到這裏為止,其實都是val people: RDD[Person] = sc.textFile("people.txt").map(_.split(",")).map(p => Person(p(0), p(1).toInt)) 這一步發生的事情,結果就是得到了一個SchemaRDD。

接下來,people.registerAsTable("people") 是SchemaRDD的一個方法,可以看到真正注冊table表依賴的還是SQLContext

def registerAsTable(tableName: String): Unit = {
    sqlContext.registerRDDAsTable(this, tableName)
  }


SQLContext的registerRDDAdTable方法如下,這種表的注冊由於信息是維護在內存裏的(下麵可以看到目前是一個hashmap維護),所以存活時間隻是SQLContext所存在的lifetime內。 

/**
   * Registers the given RDD as a temporary table in the catalog.  Temporary tables exist only
   * during the lifetime of this instance of SQLContext.
   *
   * @group userf
   */
  def registerRDDAsTable(rdd: SchemaRDD, tableName: String): Unit = {
    catalog.registerTable(None, tableName, rdd.logicalPlan)
  }
SQLContext在注冊表的時候,依賴的是Catalog類的一個實現 SimpleCatalog類: 

/**
 * An interface for looking up relations by name.  Used by an [[Analyzer]].
 */
trait Catalog {
  def lookupRelation(
    databaseName: Option[String],
    tableName: String,
    alias: Option[String] = None): LogicalPlan

  def registerTable(databaseName: Option[String], tableName: String, plan: LogicalPlan): Unit
}

class SimpleCatalog extends Catalog {
  val tables = new mutable.HashMap[String, LogicalPlan]()

  def registerTable(databaseName: Option[String],tableName: String, plan: LogicalPlan): Unit = {
    tables += ((tableName, plan))
  }

  def dropTable(tableName: String) = tables -= tableName

  def lookupRelation(
      databaseName: Option[String],
      tableName: String,
      alias: Option[String] = None): LogicalPlan = {
    val table = tables.get(tableName).getOrElse(sys.error(s"Table Not Found: $tableName"))

    // If an alias was specified by the lookup, wrap the plan in a subquery so that attributes are
    // properly qualified with this alias.
    alias.map(a => Subquery(a.toLowerCase, table)).getOrElse(table)
  }
}
上麵這部分是Catalyst包裏的代碼,Catalog是一個維護table信息的類,能把注冊新表存儲起來,對舊表能進行查詢和刪除。SimpleCatalog的實現則是把tableName和logicalPlan存在了一個hashmap裏。

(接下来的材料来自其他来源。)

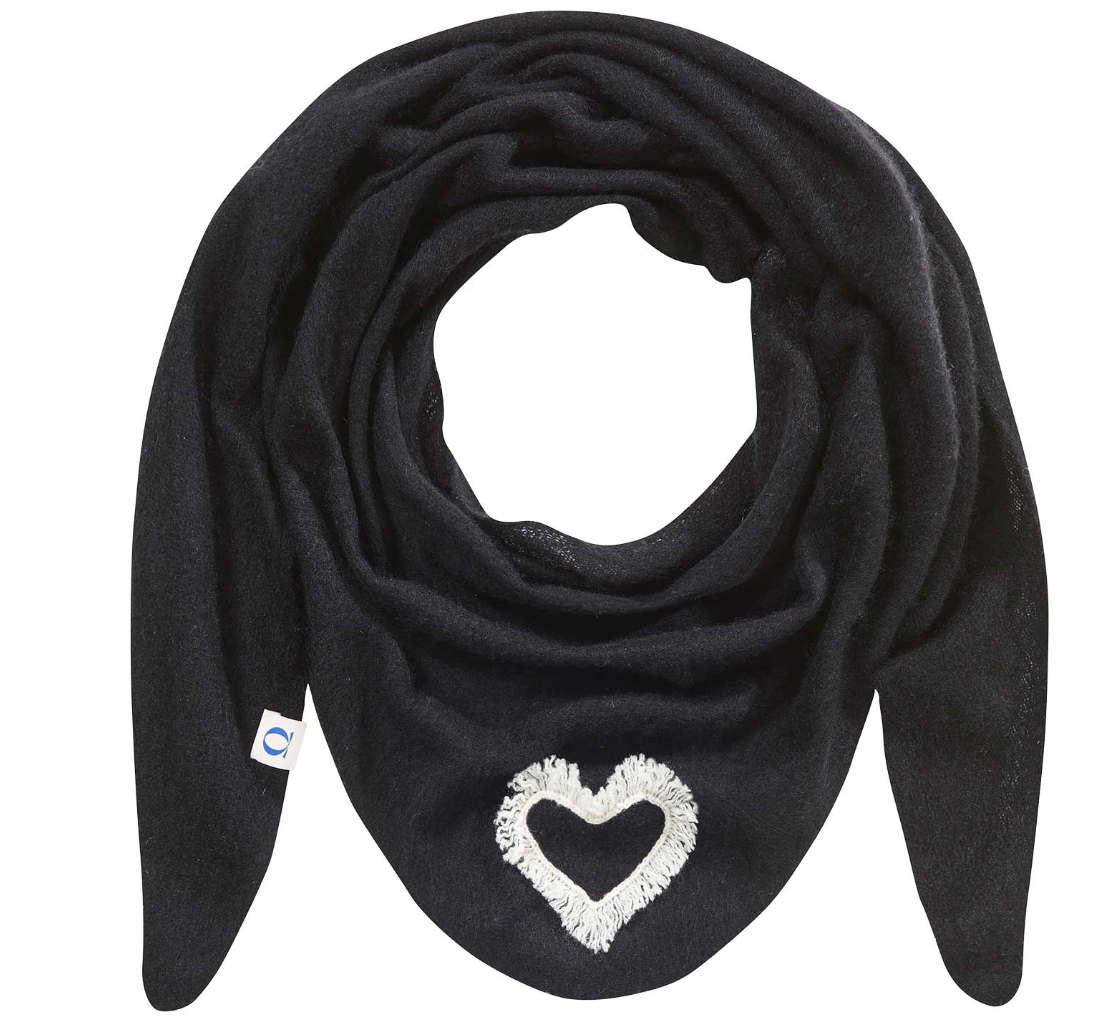 Ein luxuriöses Dreieckstuch aus 100% Kaschmir – leicht gefilzt, wunderbar weich und angenehm auf der Haut. Das edle Accessoire von Pur Schoen überzeugt durch seine klare, schlichte Form und ein liebevolles Detail: Auf der Vorderseite ist im Dreieck ein weißes Herz mit feinen Fransen aufgestickt – ein besonderer Eyecatcher, der dem Look eine charmante Note verleiht.
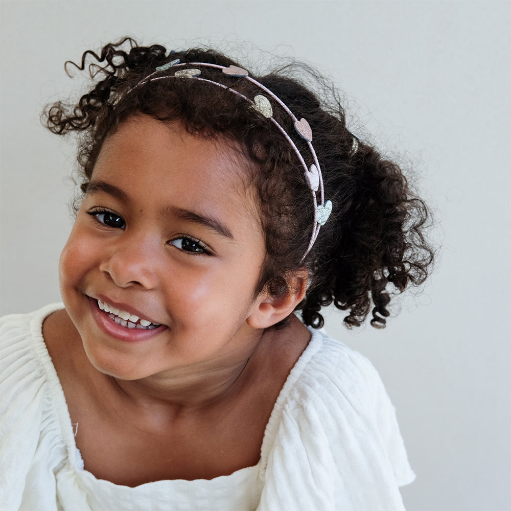 Mimi & Lula Heart Double Alice Taç, yumuşak ve rüya gibi renk paletiyle her saç stiline tatlı ve eğlenceli bir dokunuş katıyor. Şık kalp detaylarıyla süslenen bu taç, 3-10 yaş arası çocukların günlük ve özel görünümüne mükemmel uyum sağlar.

好了,在轉換好RDD並存儲成table之後,接下來是執行sql的時候了:val teenagers = sql("SELECT name FROM people WHERE age >= 10 && age <= 19")

sql方法同樣是SQLContext的方法:

 /**
   * Executes a SQL query using Spark, returning the result as a SchemaRDD.
   *
   * @group userf
   */
  def sql(sqlText: String): SchemaRDD = {
    val result = new SchemaRDD(this, parseSql(sqlText))
    // We force query optimization to happen right away instead of letting it happen lazily like
    // when using the query DSL.  This is so DDL commands behave as expected.  This is only
    // generates the RDD lineage for DML queries, but do not perform any execution.
    result.queryExecution.toRdd
    result
  }
先略過生成result的過程,看到最後在返回result之前,做了一次result.queryExecution.toRdd的操作。在執行toRdd之前,前麵rdd的轉換、邏輯執行計劃的生成、分析、優化工作都還沒有實際進行數據的計算,直到toRdd了之後,這一係列的plan才真正執行,目前sql()的實現裏麵把計算完成了。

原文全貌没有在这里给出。